### What this task involves
If a line in the entries below contains "plan", copy it.

Excerpts from a dataset:

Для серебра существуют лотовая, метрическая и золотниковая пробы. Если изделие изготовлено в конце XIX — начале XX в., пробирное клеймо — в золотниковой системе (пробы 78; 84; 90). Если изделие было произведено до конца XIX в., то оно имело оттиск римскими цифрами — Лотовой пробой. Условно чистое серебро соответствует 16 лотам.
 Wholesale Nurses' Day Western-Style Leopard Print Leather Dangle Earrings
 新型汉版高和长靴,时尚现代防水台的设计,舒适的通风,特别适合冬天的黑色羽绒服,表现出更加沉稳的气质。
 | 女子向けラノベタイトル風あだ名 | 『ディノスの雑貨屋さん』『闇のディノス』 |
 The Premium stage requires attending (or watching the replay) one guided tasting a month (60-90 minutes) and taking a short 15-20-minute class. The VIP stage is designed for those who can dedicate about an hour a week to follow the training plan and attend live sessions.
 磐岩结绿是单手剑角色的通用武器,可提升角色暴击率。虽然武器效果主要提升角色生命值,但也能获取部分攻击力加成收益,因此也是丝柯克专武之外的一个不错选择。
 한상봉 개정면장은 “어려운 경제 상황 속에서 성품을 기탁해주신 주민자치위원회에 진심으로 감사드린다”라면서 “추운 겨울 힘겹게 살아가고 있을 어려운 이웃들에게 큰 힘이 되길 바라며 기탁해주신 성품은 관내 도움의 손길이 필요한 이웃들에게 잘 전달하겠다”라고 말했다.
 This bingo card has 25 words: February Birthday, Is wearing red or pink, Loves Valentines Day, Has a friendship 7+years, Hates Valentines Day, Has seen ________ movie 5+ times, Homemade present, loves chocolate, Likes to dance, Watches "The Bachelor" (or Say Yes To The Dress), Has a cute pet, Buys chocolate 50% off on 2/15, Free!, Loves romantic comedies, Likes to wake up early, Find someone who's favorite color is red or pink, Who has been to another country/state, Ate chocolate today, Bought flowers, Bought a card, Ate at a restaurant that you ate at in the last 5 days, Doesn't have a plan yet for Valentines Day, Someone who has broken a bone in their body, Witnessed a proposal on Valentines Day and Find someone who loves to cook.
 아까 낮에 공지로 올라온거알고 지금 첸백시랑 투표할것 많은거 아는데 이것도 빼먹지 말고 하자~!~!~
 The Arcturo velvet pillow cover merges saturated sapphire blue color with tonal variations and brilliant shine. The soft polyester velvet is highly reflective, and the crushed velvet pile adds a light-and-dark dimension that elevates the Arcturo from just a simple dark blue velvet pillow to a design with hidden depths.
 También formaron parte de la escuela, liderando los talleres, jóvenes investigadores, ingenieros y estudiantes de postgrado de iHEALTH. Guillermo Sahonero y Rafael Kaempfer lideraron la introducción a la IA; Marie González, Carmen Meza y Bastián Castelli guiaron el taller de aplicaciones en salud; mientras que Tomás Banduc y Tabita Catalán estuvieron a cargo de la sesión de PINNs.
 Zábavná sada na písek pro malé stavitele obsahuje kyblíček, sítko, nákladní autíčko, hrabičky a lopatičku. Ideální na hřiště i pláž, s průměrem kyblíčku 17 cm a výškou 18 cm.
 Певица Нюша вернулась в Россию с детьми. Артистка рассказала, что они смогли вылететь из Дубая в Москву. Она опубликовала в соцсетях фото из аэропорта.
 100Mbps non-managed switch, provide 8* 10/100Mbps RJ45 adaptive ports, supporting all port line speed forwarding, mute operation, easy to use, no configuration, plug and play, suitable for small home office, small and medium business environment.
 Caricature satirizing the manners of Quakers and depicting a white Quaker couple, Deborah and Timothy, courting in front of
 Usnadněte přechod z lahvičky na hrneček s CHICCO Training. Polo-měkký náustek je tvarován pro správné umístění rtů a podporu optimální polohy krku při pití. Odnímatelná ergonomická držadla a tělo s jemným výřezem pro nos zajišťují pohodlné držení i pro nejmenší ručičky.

### Exercise solution
 The Premium stage requires attending (or watching the replay) one guided tasting a month (60-90 minutes) and taking a short 15-20-minute class. The VIP stage is designed for those who can dedicate about an hour a week to follow the training plan and attend live sessions.
 This bingo card has 25 words: February Birthday, Is wearing red or pink, Loves Valentines Day, Has a friendship 7+years, Hates Valentines Day, Has seen ________ movie 5+ times, Homemade present, loves chocolate, Likes to dance, Watches "The Bachelor" (or Say Yes To The Dress), Has a cute pet, Buys chocolate 50% off on 2/15, Free!, Loves romantic comedies, Likes to wake up early, Find someone who's favorite color is red or pink, Who has been to another country/state, Ate chocolate today, Bought flowers, Bought a card, Ate at a restaurant that you ate at in the last 5 days, Doesn't have a plan yet for Valentines Day, Someone who has broken a bone in their body, Witnessed a proposal on Valentines Day and Find someone who loves to cook.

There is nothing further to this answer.